Gran parte de mi historia infértil ha transcurrido con grandes rebotes. Todo empezó después de la boda de mi hermana, en junio de 2014. Me dejé los anticonceptivos un par de meses o tres antes para que entonces fuera llegar y besar el santo. Iba a ser verano, todos tranquilos, aquello del relax… Nada de hacer planes, ni comprar billetes de avión ni cosas raras, no fuera que el otoño me pillara embarazada. Aquel otoño nos fuimos a Sevilla y nos bañamos en una piscina en un tejado. Obviamente, no me quedé embarazada ni en Sevilla ni en ningún sitio.

Un tiempo después me llamó mi anterior gine  y me dijo que aquella lesión en el cuello del útero causada por el VPH que había tenido casi 10 años antes había vuelto. Entonces empezó el rebote. Tuve la intuición de que que lo mío con la maternidad o no iba a ser nunca o iba a ir para largo, así que me planteé la vida de otra manera: huyendo.

Para mí, volar era mi forma de escapar de todo esto. Pasé de no hacer planes, incluso de no comprarme ropa por si me quedaba embarazada a gastarme prácticamente toda la pasta que ganaba en billetes de avión. Cuanto más lejos, mejor. Cuantos más fines de semana, mejor. Cuanto menos pensara, mejor.

Llegó un momento en el que volar ya no fue suficiente. La vida se complicaba tanto que yo necesitaba algo que me mantuviera alejada de cualquier plan y cualquier pensamiento relacionado con mi futura e hipotética maternidad. Algo dentro de mí tenía claro que la maldita lesión iba a dar guerra y me iba a poner las cosas muy difíciles. Aproveché entonces para meterme a muerte en un proyecto de dos años de una especie de ONG de mi ciudad, un proyecto que termina con la primavera y ese fin me permitirá retomar mi vida.
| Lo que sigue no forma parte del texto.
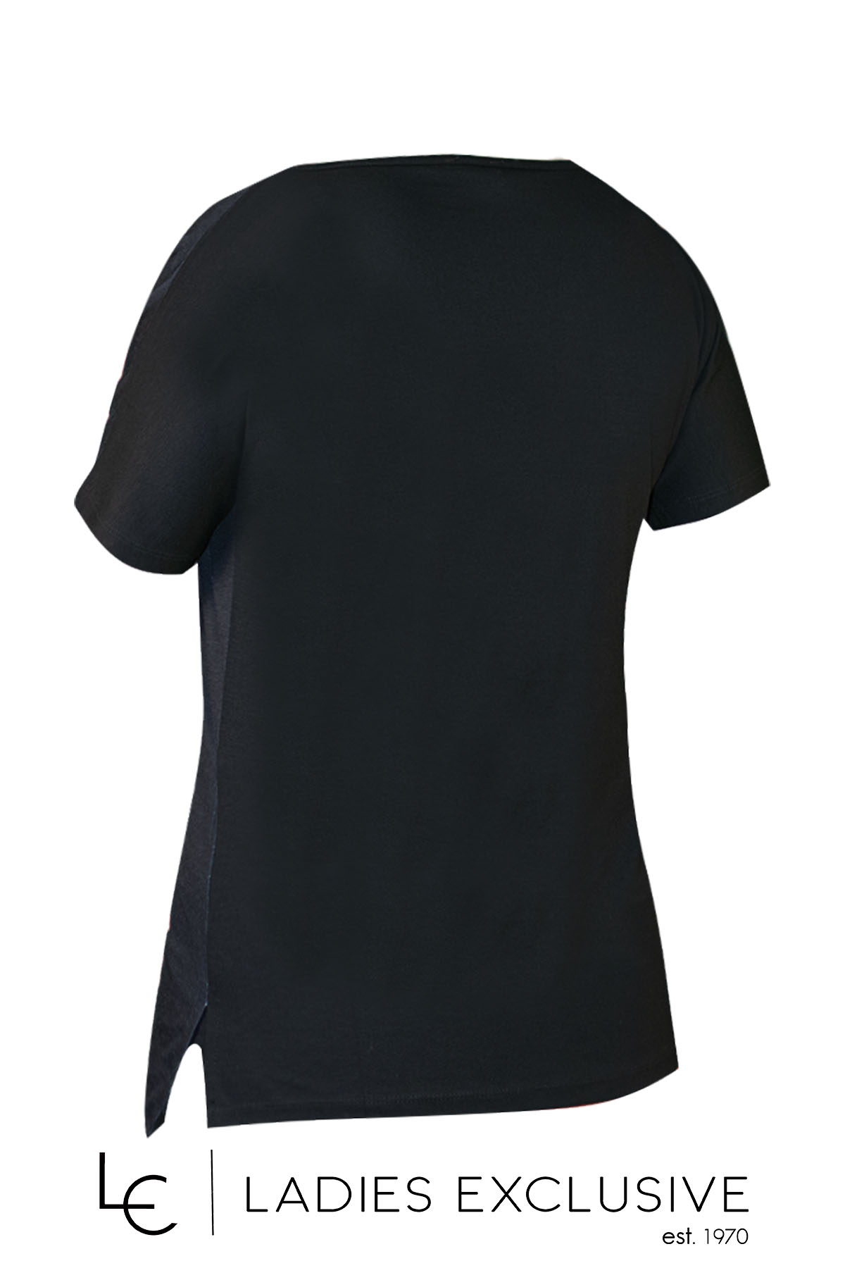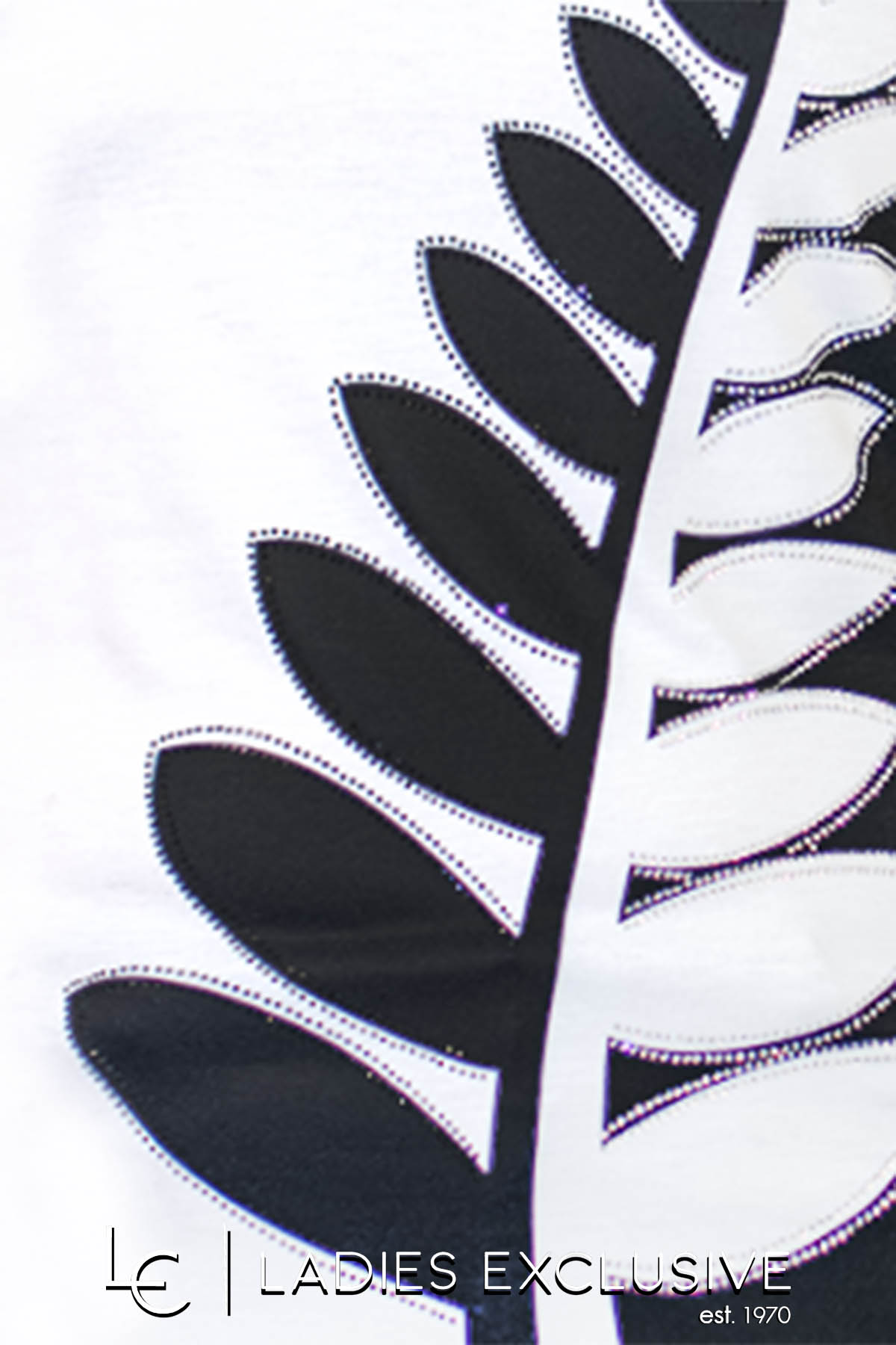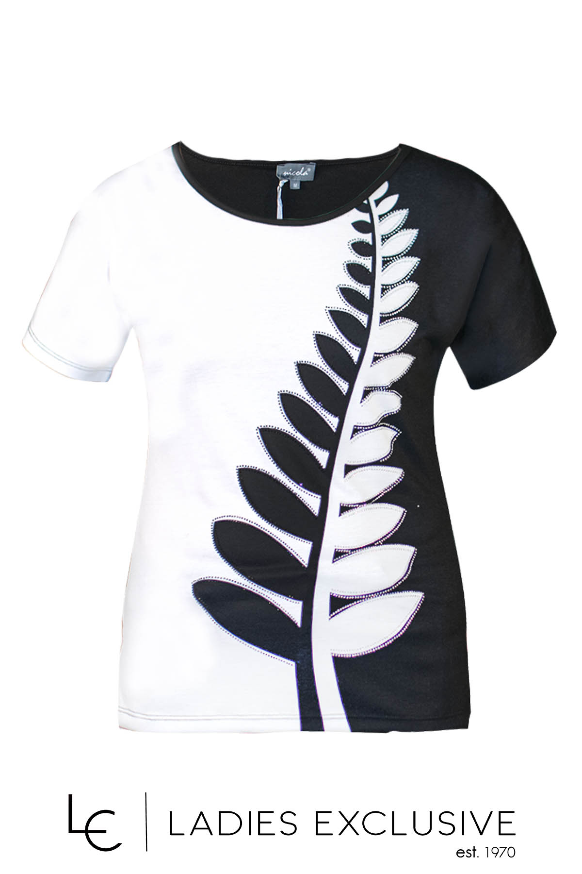NICOLA Μπλούζα ασπρόμαυρη κοντομάνικη με σχέδιο φύλλα και στρας και μανίκι ρεγκλάν.

Mi nivel de desconexión fue tal que incluso con el presupuesto de la primera FIV aprobado y todo, me fui 15 días a Asia. Fue mi forma de despedirme de todo esto, de dejar de salir corriendo. En ese viaje compramos una figurita de Daruma y le pintamos un ojo solo. Cada día me recuerda que ahora toca perseverar y dejar de buscarme excusas que me mantengan ocupada para no pensar que tengo un proyecto muchísimo más importante entre manos. Además, con los TRA tampoco hay ni un duro para viajes, pero ese es otro cantar.

Y a eso iba, que se tienen que acabar los rebotes y los planes alternativos para intentar no pensar. Quizá ahora toque un periodo de realidad, de no correr tanto, centrarme en lo que importa y de no buscar llenar los huecos con cosas que, en realidad, tampoco llenan tanto.

¡Feliz semana!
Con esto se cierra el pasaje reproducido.